DATASET CONTENT =
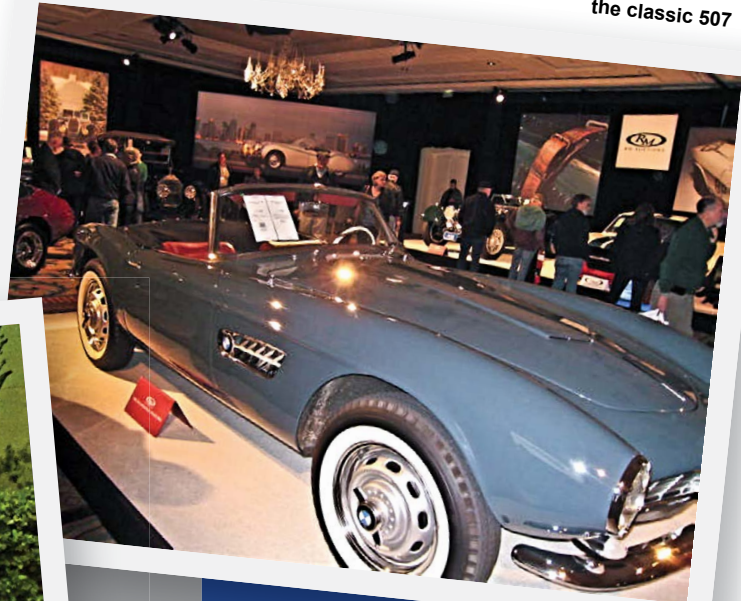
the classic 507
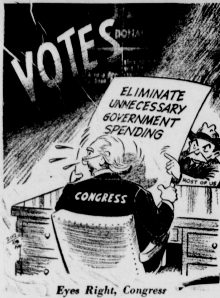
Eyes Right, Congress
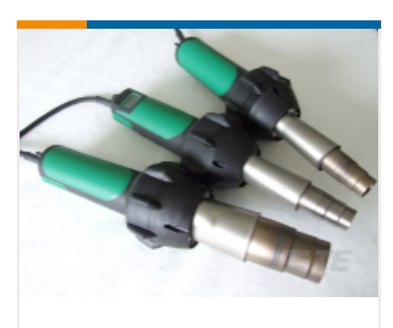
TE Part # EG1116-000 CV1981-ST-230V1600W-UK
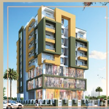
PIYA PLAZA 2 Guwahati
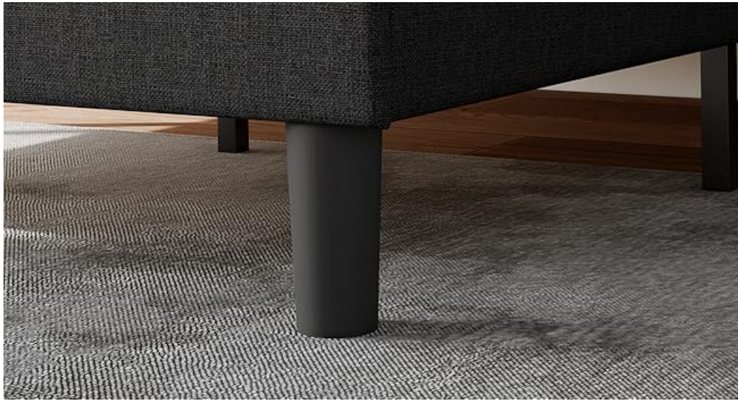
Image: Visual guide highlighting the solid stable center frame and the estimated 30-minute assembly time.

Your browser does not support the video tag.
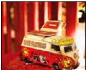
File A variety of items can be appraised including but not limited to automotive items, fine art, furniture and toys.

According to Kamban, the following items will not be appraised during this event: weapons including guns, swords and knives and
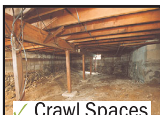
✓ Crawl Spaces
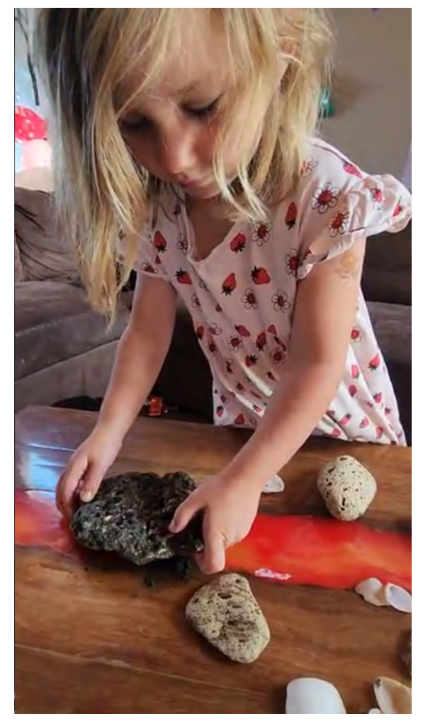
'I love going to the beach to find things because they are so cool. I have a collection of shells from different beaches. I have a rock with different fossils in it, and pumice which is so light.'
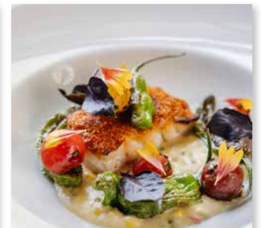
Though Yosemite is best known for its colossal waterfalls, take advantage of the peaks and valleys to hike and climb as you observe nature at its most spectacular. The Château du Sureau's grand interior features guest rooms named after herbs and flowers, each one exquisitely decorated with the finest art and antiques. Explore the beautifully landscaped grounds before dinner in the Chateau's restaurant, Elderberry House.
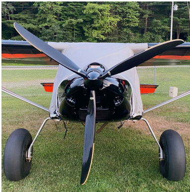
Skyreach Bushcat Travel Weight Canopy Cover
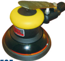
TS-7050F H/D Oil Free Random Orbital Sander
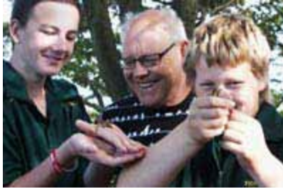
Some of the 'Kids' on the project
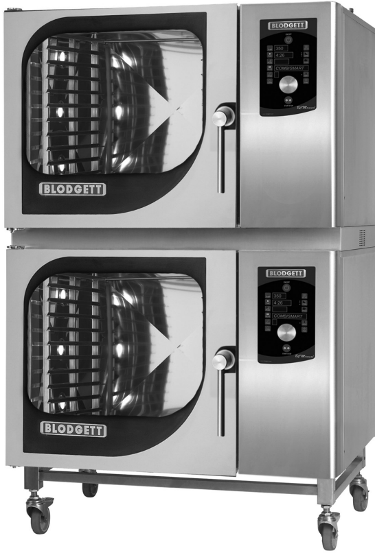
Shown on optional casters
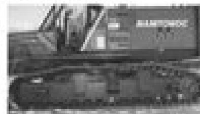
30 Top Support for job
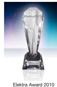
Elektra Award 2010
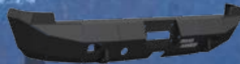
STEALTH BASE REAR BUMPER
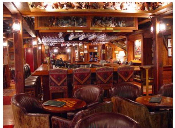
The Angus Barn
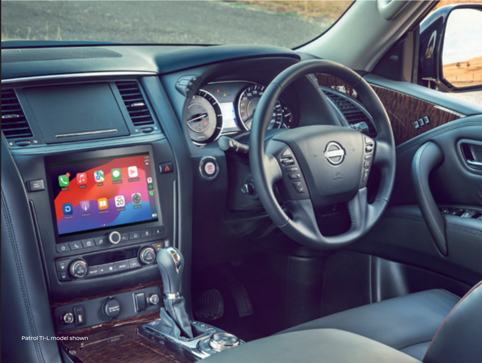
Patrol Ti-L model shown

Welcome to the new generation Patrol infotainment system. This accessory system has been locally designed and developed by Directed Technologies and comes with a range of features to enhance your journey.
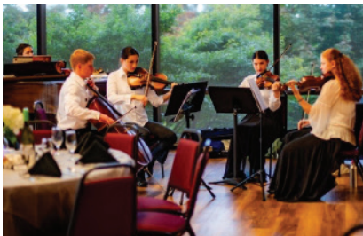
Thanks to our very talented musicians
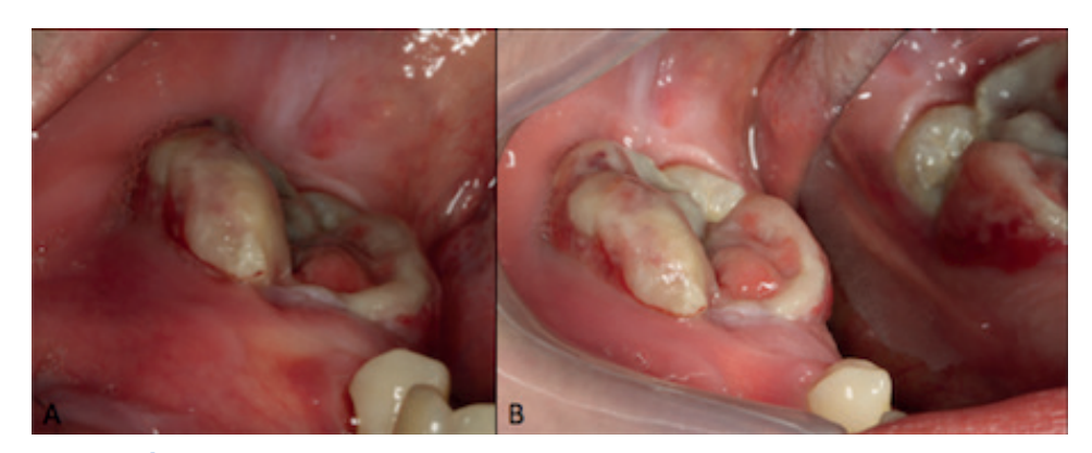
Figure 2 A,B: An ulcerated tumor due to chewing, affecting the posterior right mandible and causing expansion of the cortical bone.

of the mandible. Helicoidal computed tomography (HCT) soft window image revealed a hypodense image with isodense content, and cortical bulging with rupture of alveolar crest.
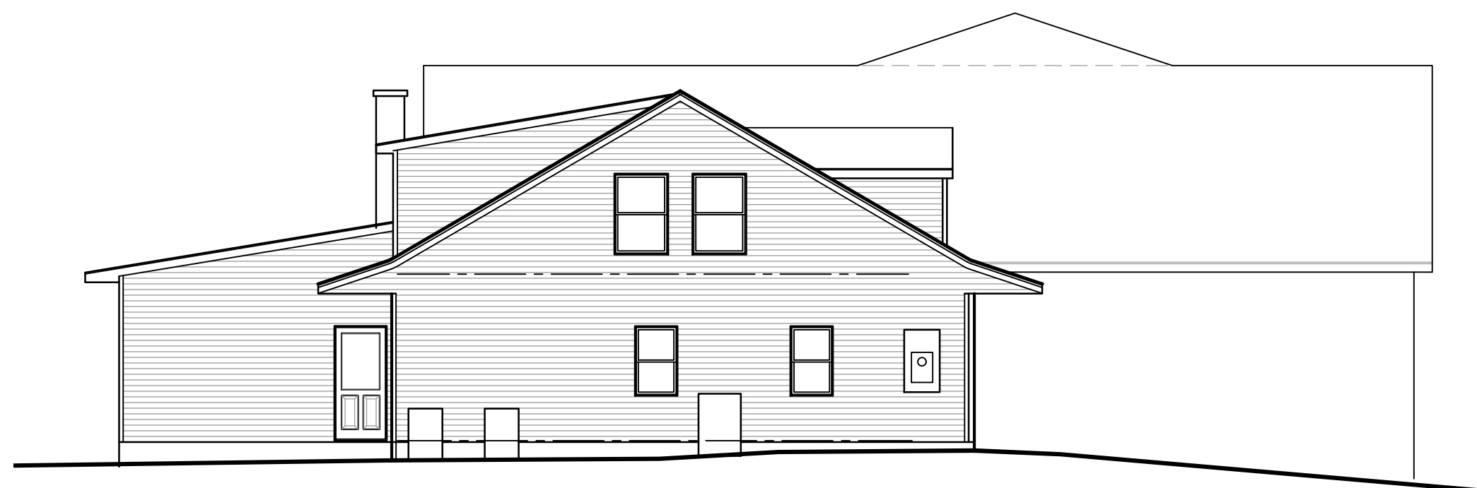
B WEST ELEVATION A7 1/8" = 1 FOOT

TASK REQUIREMENTS = In the listing above, find the line containing "PIYA PLAZA 2 Guwahati". Output it and every line after it up to and including the line containing "Though Yosemite is", exactly, but skip the pictures.

FINAL ANSWER =
PIYA PLAZA 2 Guwahati
Image: Visual guide highlighting the solid stable center frame and the estimated 30-minute assembly time.

Your browser does not support the video tag.
File A variety of items can be appraised including but not limited to automotive items, fine art, furniture and toys.

According to Kamban, the following items will not be appraised during this event: weapons including guns, swords and knives and
✓ Crawl Spaces
'I love going to the beach to find things because they are so cool. I have a collection of shells from different beaches. I have a rock with different fossils in it, and pumice which is so light.'
Though Yosemite is best known for its colossal waterfalls, take advantage of the peaks and valleys to hike and climb as you observe nature at its most spectacular. The Château du Sureau's grand interior features guest rooms named after herbs and flowers, each one exquisitely decorated with the finest art and antiques. Explore the beautifully landscaped grounds before dinner in the Chateau's restaurant, Elderberry House.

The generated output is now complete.